'''

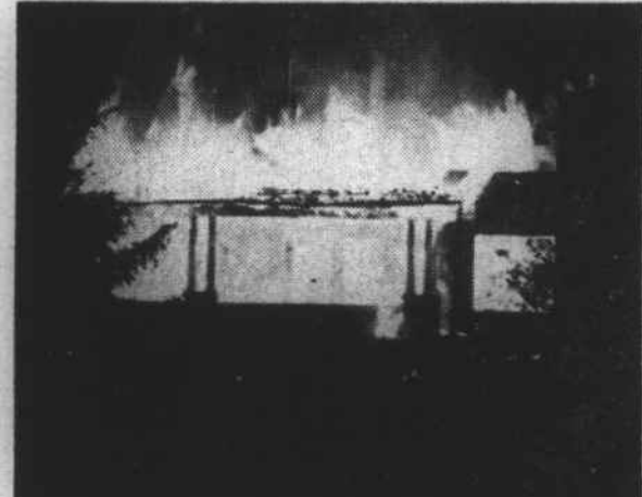
Hours Pass . . . Fire Dwindles
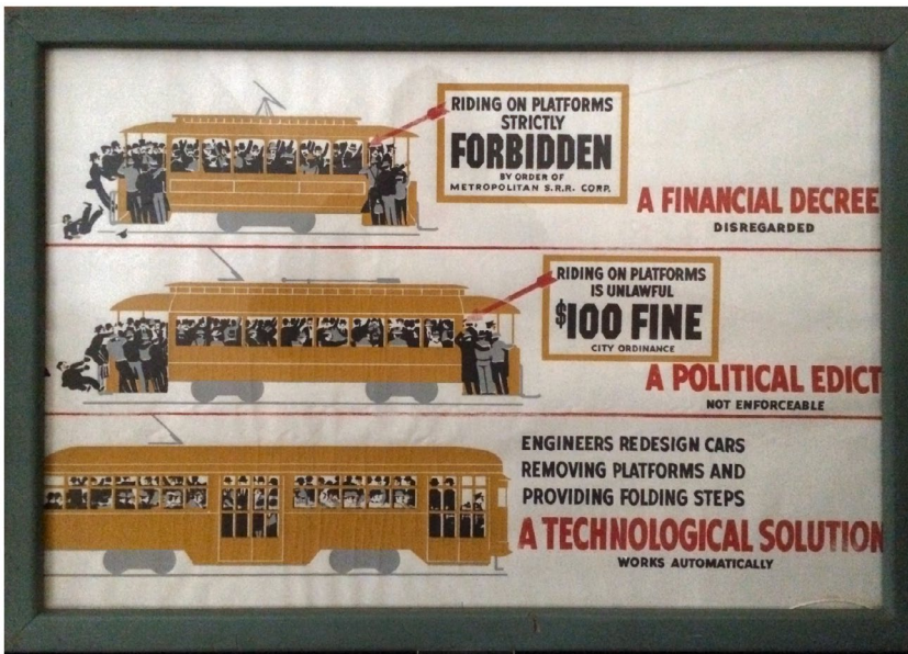
Figure 2. Later reproduction of the example of the streetcar as technological fix for social ills. As a four-color placard, the illustration was displayed in Technocracy Inc chapter houses across North America, but other versions appeared in Technocracy Inc literature between 1946 and 2001. All these later versions have inadvertently exchanged the top two text boxes of the original illustration, suggesting that the message was visually absorbed rather than analyzed. (Reproduced in various grayscale versions in Bounds, “What’s Yours is Mine,” 7; Palm, “Why North America Faces Social Change,” 9; ‘L.L.B.’, “Subsidies and Sabotage,” 22; Technocracy Inc., Technocracy: Technological Continental Design . 1990 and 2001, respectively. Color placard photographed at Aldergrove, British Columbia premises of Technocracy Inc, courtesy of current Director George Wright.)
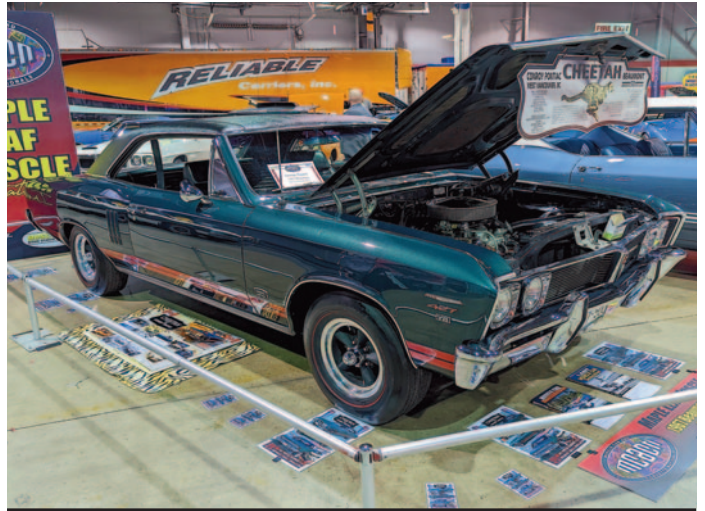
George Pappas' Conroy Pontiac Cheetah 427 is a specialty '67 Beaumont SD much like a Yenko or Royal Bobcat. It boasted 450 horses, a four-speed & 4.10s.
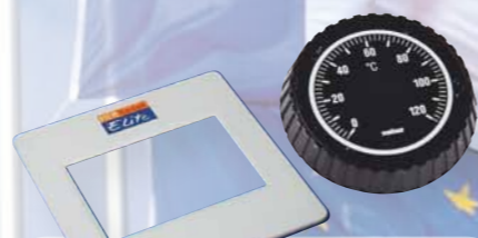
Automation with pad ventilation for light switch frames
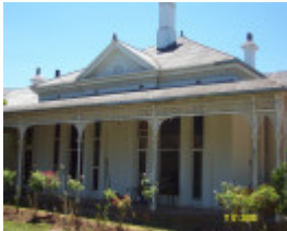
H0361 Kongbool Balmoral side elevation 2339
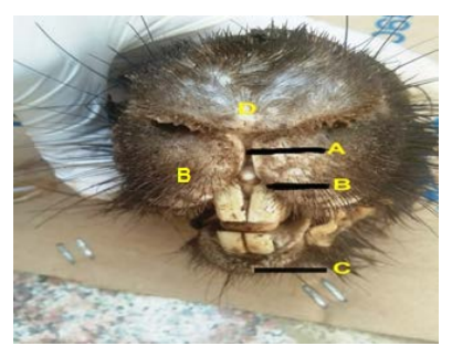
Fig1. Macrogragh showing the: A-fissure of upper lip, B-upper lips ,C-lower lip ,D –nose.
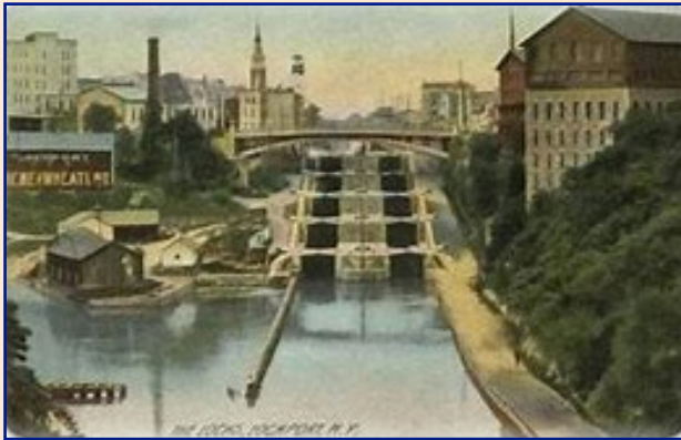
Lockport's Twin Staircase of Locks (c. 1880)

America's Stairway places the historic Flight of Five locks on the Erie Canal in Lockport, New York, squarely in the American narrative as a symbol of a young and developing nation. It draws a direct line between the Erie Canal, the Flight of Five, and the birth of American tourism to today's heritage tourism industry which is inextricably linked to community-based, grassroots preservation efforts and a community's sense of place. In doing so, it has meaning and resonance that transcends both time and geographic location.
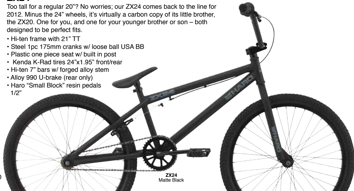
ZX24 Matte Black
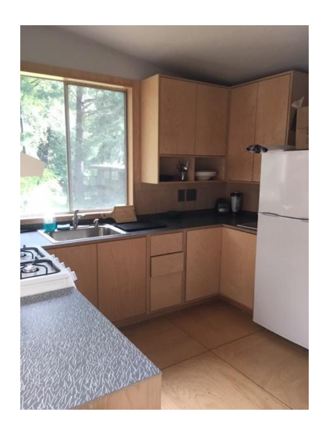
Kitchen with appliances
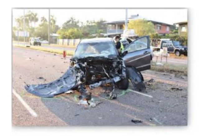
Figure 17: Front of Honda.
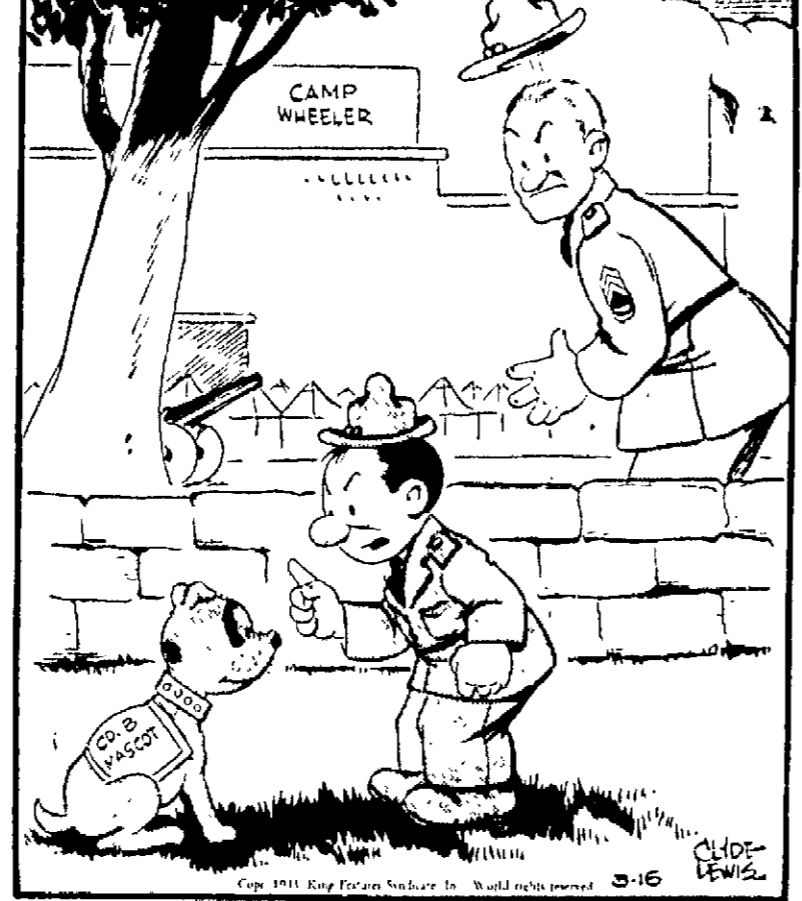
"Now, remember, when you hear a gruff voice barking orders at me, BITE HIM!"
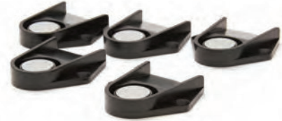
HI920005 Tag holders with tags (5)

Install tags near your sampling points for quick and easy iButton® readings. Each tag contains a computer chip with a unique identification code encased in stainless steel. You can install a practically unlimited amount of tags.
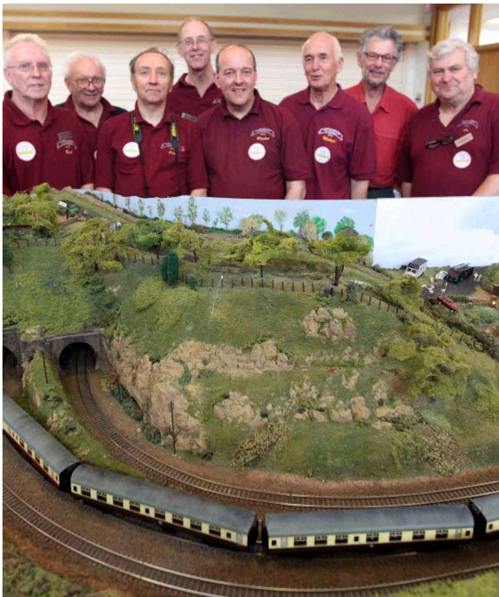
This is a photo taken by the Chronicle and Echo who visited our exhibition. It shows all the committee members plus the chap in the bright red shirt who had come all the way from Australia (not just to see us of course). [photo courtesy Northampton Chronicle & Echo]
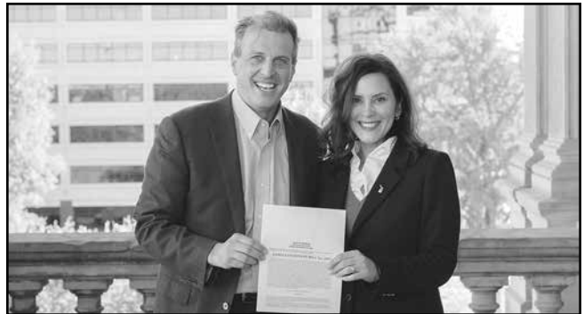
Legislator joins the Governor for a bill signing ceremony.

Restricted revenues are those resources which, by Constitution, statute, contract, or agreement, are reserved to specific purposes. Expenditures of restricted revenues are limited by the amount of revenue realized and amount appropriated. In addition to the General Fund, special revenue funds are used to finance particular activities from the receipts of specific taxes or other revenue. Such funds are created by Constitution or a statute to provide certain activities with definite and continuing revenues. Other types of funds include revolving funds, bond funds, bond and interest redemption funds, and trust and agency funds.
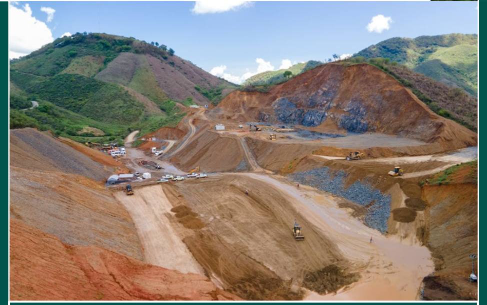
Above lower platform and filtered tailing storage facility
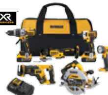
20V MAX* XR ® 6-Tool Combo Kit
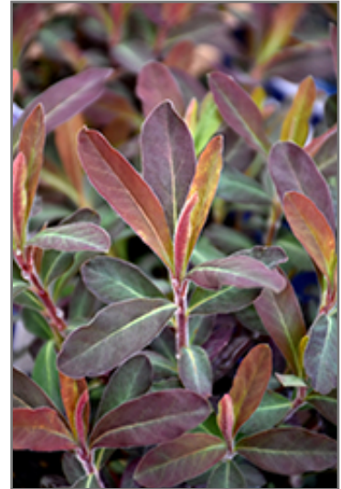
Purple Wood Spurge foliage

* This is a 'special order' plant - contact store for details
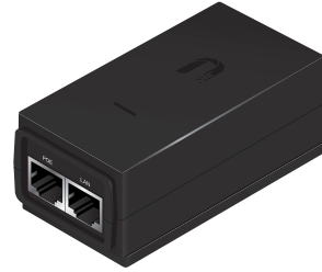
POE-15-12W POE-24-12W POE-24-12W-G
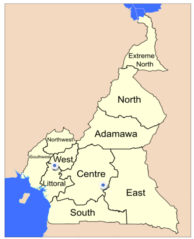
Figure 1.1 - Map of Cameroon showing the 10 administrative regions

Secondary schools across the country follow the same curriculum and students take the same national examinations; consideration was given to balancing the one Anglophone region (English is the predominant language) and the other from the Francophone region (French is the predominant language). Selection of the research sites for this study was challenging, as there are ten geographical regions in Cameroon as shown on the map with; eight being French speaking while two are English speaking. For this reason, a multistage approach was used to select two regions out of the ten in order minimise the cost and resources of surveying samples from all regions (Scott and Morrison, 2007 and Cohen et al., 2007). A purposive sampling of 202 form five students (usually 15-16-year-old) and 26 teachers was done and questionnaires were administered. The choice of form five students was found appropriate since at this stage of their education, it is expected that they have experienced the curriculum and are about to leave school. Teachers were sampled because I assumed that they understand the curriculum they are responsible for delivering. Cohen et al., (2007) suggest that there is no clear-cut answer to the issue of correct sample size since it depends on the objectives of the study as well as the population under examination. The selected sample was for this study was considered adequate.
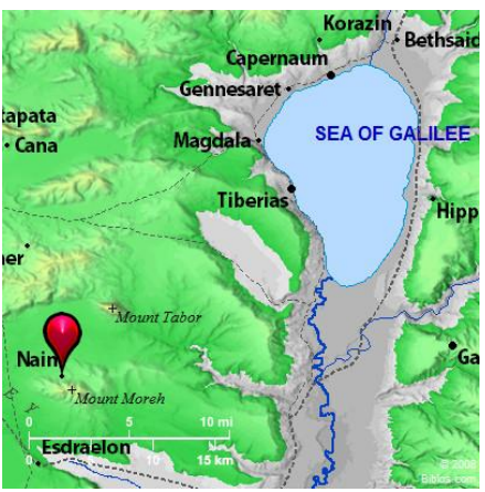
The story from Nain
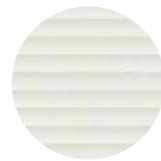
Museum Decor white 30x90 (Newker) Feature shower wall guest bathroom 1 and 2.
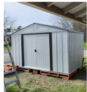
American Legion Boy Scout Troop 593
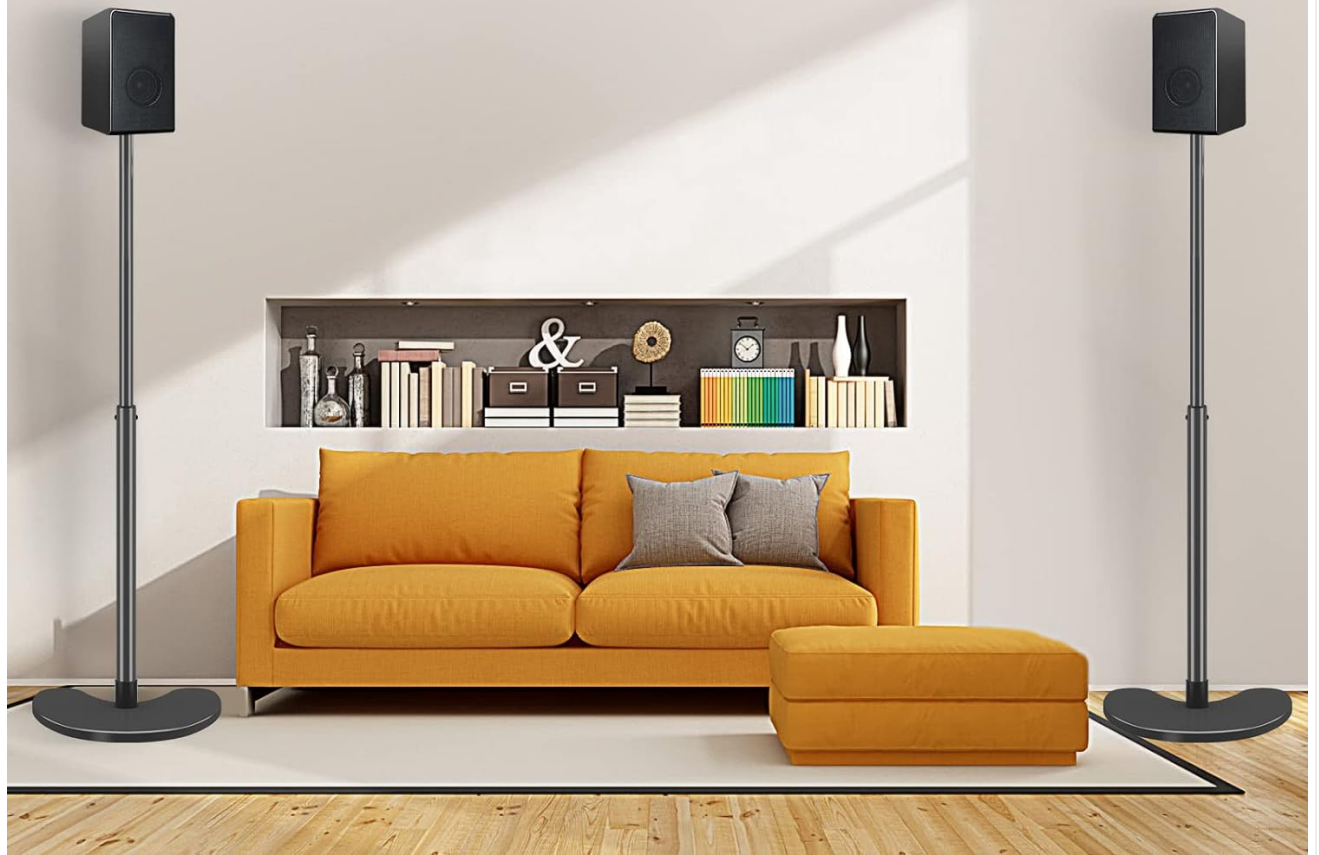
Image: Speakers positioned at optimal listening height for an immersive audio experience.

'''

Exercise:
Transcribe, from the records above, the first line and every line after it up to and including the line with "Install tags near"; omit pictures.

Written solution:
Hours Pass . . . Fire Dwindles
Figure 2. Later reproduction of the example of the streetcar as technological fix for social ills. As a four-color placard, the illustration was displayed in Technocracy Inc chapter houses across North America, but other versions appeared in Technocracy Inc literature between 1946 and 2001. All these later versions have inadvertently exchanged the top two text boxes of the original illustration, suggesting that the message was visually absorbed rather than analyzed. (Reproduced in various grayscale versions in Bounds, “What’s Yours is Mine,” 7; Palm, “Why North America Faces Social Change,” 9; ‘L.L.B.’, “Subsidies and Sabotage,” 22; Technocracy Inc., Technocracy: Technological Continental Design . 1990 and 2001, respectively. Color placard photographed at Aldergrove, British Columbia premises of Technocracy Inc, courtesy of current Director George Wright.)
George Pappas' Conroy Pontiac Cheetah 427 is a specialty '67 Beaumont SD much like a Yenko or Royal Bobcat. It boasted 450 horses, a four-speed & 4.10s.
Automation with pad ventilation for light switch frames
H0361 Kongbool Balmoral side elevation 2339
Fig1. Macrogragh showing the: A-fissure of upper lip, B-upper lips ,C-lower lip ,D –nose.
Lockport's Twin Staircase of Locks (c. 1880)

America's Stairway places the historic Flight of Five locks on the Erie Canal in Lockport, New York, squarely in the American narrative as a symbol of a young and developing nation. It draws a direct line between the Erie Canal, the Flight of Five, and the birth of American tourism to today's heritage tourism industry which is inextricably linked to community-based, grassroots preservation efforts and a community's sense of place. In doing so, it has meaning and resonance that transcends both time and geographic location.
ZX24 Matte Black
Kitchen with appliances
Figure 17: Front of Honda.
"Now, remember, when you hear a gruff voice barking orders at me, BITE HIM!"
HI920005 Tag holders with tags (5)

Install tags near your sampling points for quick and easy iButton® readings. Each tag contains a computer chip with a unique identification code encased in stainless steel. You can install a practically unlimited amount of tags.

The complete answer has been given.